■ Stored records
*** Begin section ***
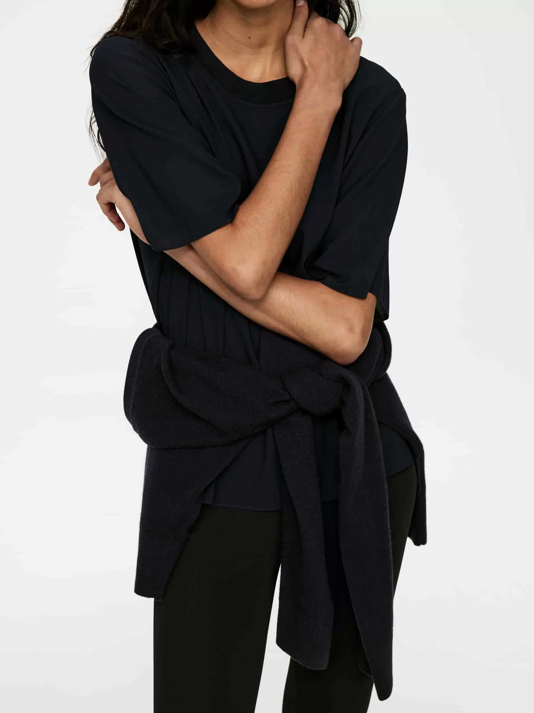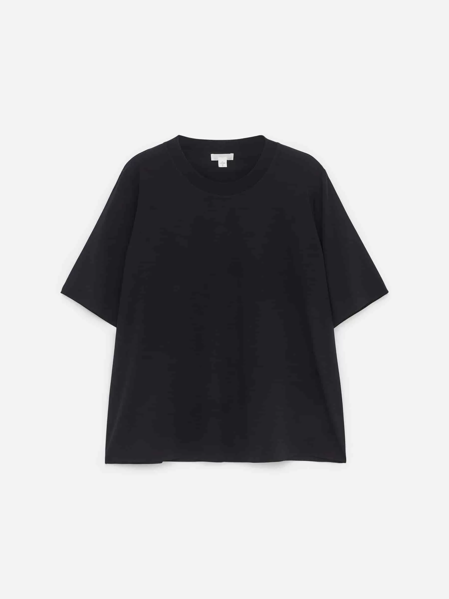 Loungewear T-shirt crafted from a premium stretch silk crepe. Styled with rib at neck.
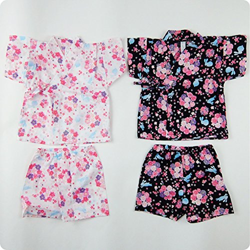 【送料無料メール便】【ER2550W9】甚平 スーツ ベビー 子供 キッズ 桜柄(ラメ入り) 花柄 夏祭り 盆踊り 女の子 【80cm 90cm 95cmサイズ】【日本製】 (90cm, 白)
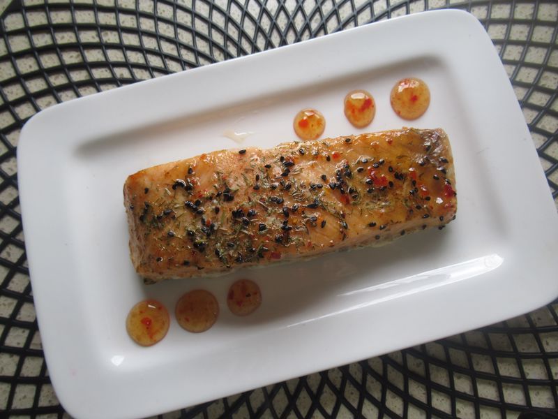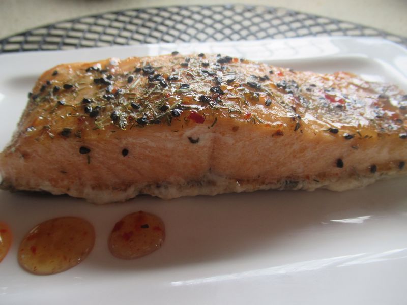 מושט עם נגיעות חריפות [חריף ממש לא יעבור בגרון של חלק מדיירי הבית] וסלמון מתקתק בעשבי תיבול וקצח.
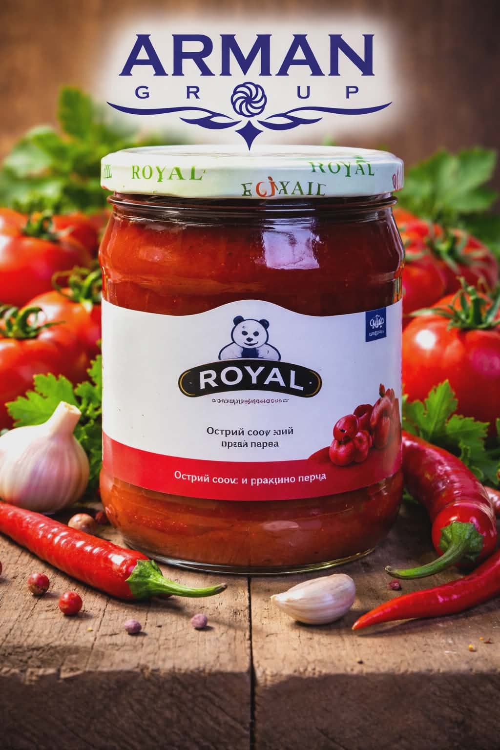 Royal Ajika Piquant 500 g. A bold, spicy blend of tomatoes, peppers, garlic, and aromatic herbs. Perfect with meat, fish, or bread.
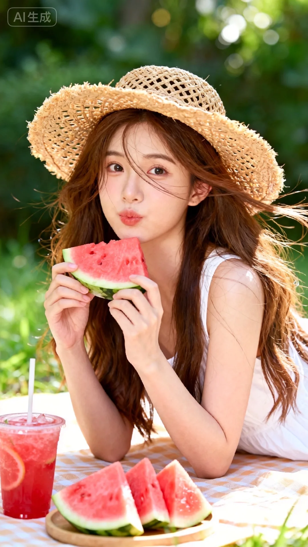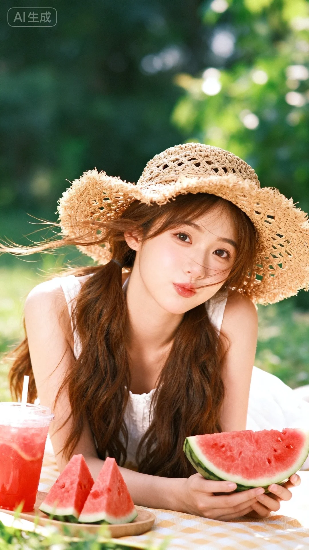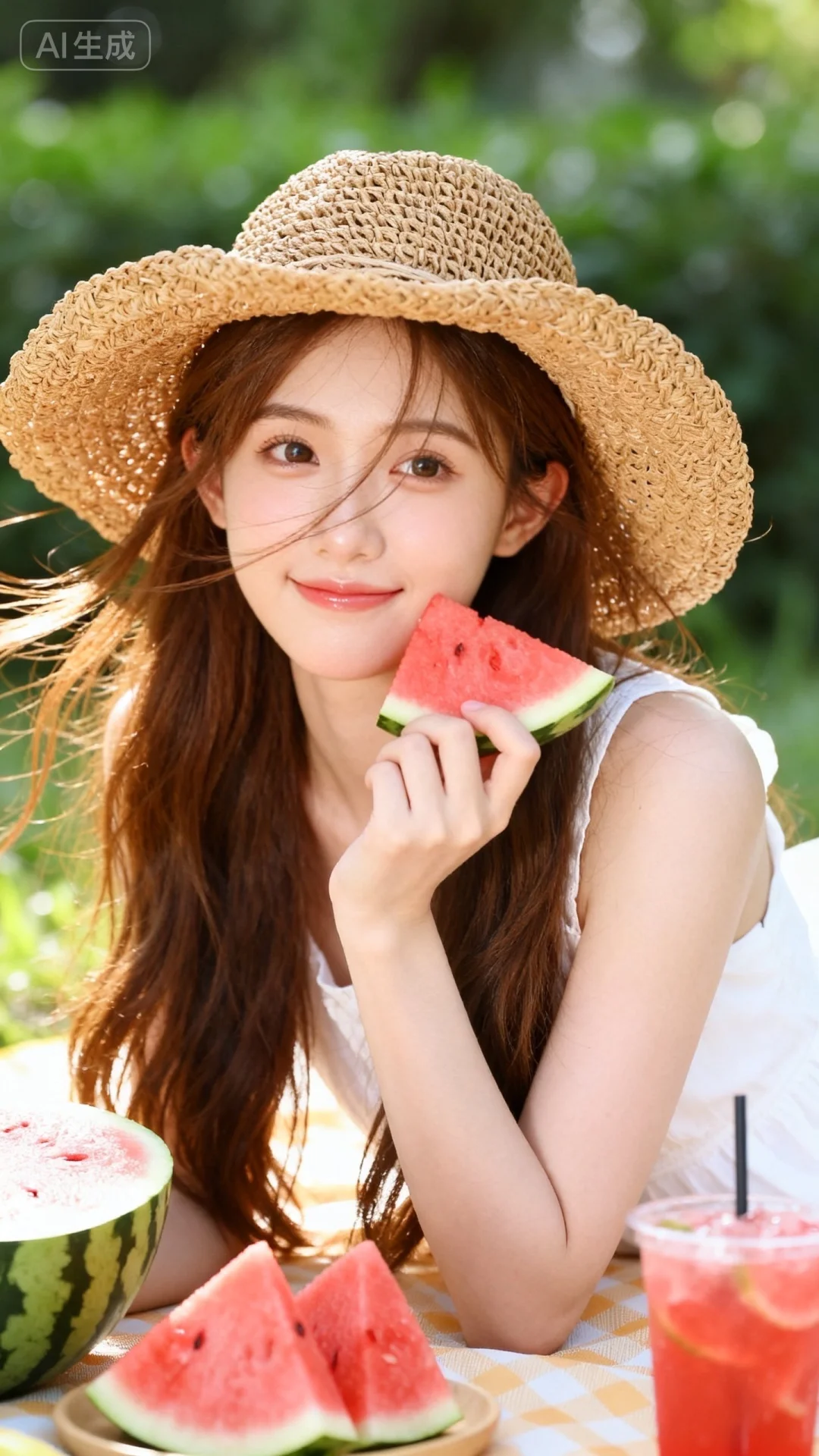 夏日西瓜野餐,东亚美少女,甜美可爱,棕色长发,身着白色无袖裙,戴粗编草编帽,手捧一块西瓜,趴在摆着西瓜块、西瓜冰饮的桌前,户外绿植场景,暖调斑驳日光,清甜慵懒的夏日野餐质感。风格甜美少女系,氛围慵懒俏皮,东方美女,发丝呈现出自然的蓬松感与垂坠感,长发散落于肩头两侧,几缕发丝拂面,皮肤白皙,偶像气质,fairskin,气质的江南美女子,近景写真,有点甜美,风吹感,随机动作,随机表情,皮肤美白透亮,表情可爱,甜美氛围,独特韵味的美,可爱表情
*** End section ***
■ Task item
Output exactly the lines from the one that has "מושט עם נגיעות" through the end of the data. Do not include pictures.

■ Exercise response
 מושט עם נגיעות חריפות [חריף ממש לא יעבור בגרון של חלק מדיירי הבית] וסלמון מתקתק בעשבי תיבול וקצח.
 Royal Ajika Piquant 500 g. A bold, spicy blend of tomatoes, peppers, garlic, and aromatic herbs. Perfect with meat, fish, or bread.
 夏日西瓜野餐,东亚美少女,甜美可爱,棕色长发,身着白色无袖裙,戴粗编草编帽,手捧一块西瓜,趴在摆着西瓜块、西瓜冰饮的桌前,户外绿植场景,暖调斑驳日光,清甜慵懒的夏日野餐质感。风格甜美少女系,氛围慵懒俏皮,东方美女,发丝呈现出自然的蓬松感与垂坠感,长发散落于肩头两侧,几缕发丝拂面,皮肤白皙,偶像气质,fairskin,气质的江南美女子,近景写真,有点甜美,风吹感,随机动作,随机表情,皮肤美白透亮,表情可爱,甜美氛围,独特韵味的美,可爱表情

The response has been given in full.